### [The input]
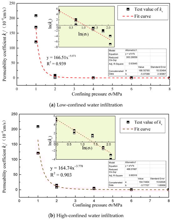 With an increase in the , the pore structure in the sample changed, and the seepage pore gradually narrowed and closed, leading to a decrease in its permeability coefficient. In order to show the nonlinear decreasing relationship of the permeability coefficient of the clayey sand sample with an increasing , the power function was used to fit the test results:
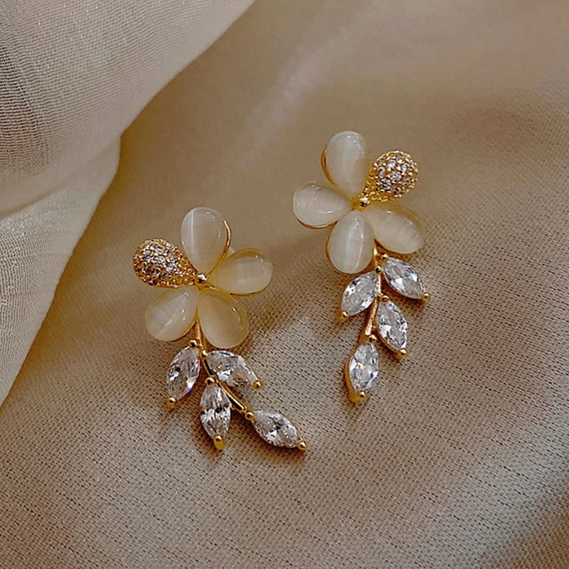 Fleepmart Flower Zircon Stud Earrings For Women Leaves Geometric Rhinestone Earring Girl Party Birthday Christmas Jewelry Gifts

---

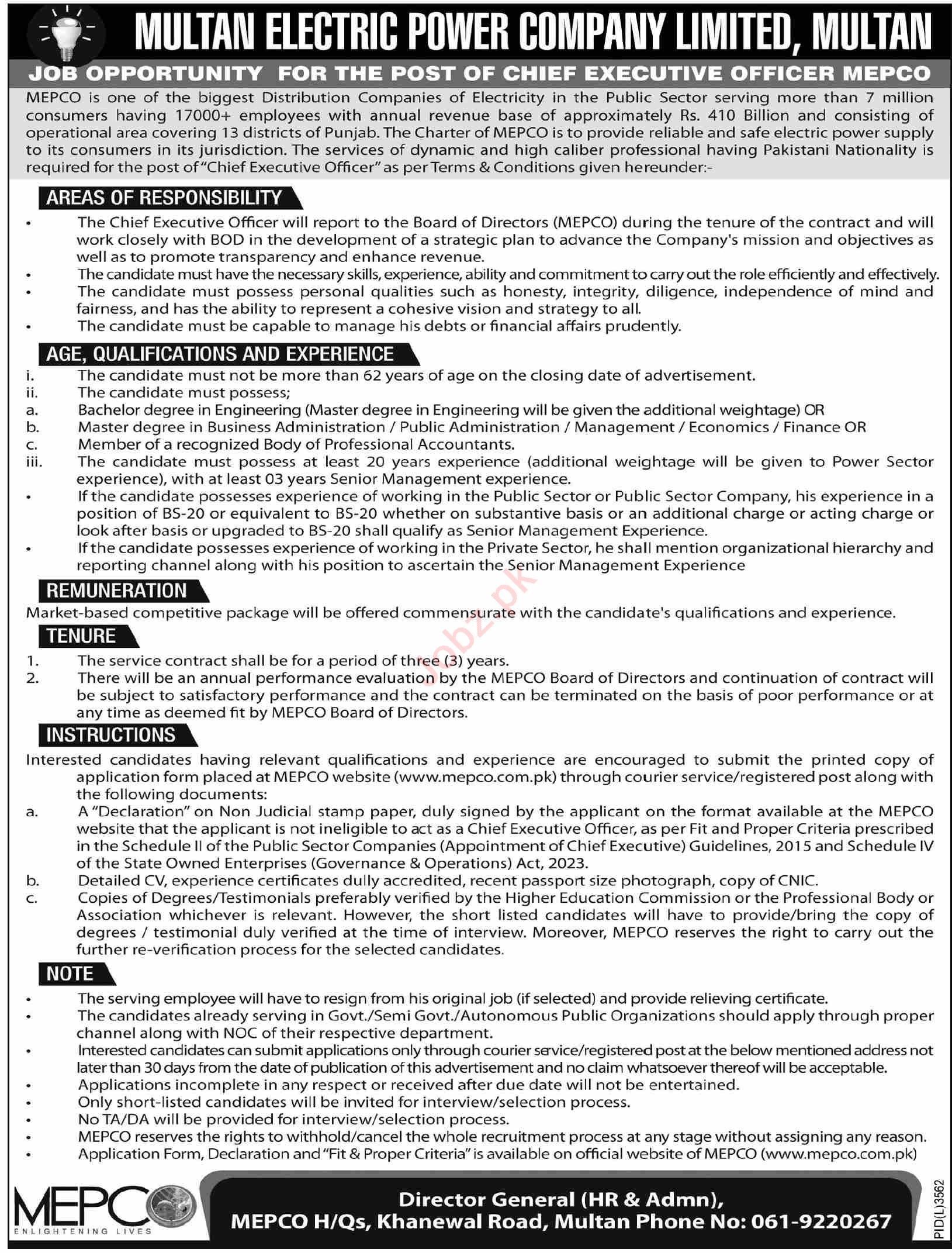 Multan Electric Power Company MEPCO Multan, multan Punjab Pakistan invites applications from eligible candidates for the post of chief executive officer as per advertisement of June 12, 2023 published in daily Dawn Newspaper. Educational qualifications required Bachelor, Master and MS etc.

### [About this task]
Reproduce the data above exactly, but only from the line containing "With an increase" through the line containing "Fleepmart Flower Zircon"; skip the pictures.

### [Response to this exercise]
 With an increase in the , the pore structure in the sample changed, and the seepage pore gradually narrowed and closed, leading to a decrease in its permeability coefficient. In order to show the nonlinear decreasing relationship of the permeability coefficient of the clayey sand sample with an increasing , the power function was used to fit the test results:
 Fleepmart Flower Zircon Stud Earrings For Women Leaves Geometric Rhinestone Earring Girl Party Birthday Christmas Jewelry Gifts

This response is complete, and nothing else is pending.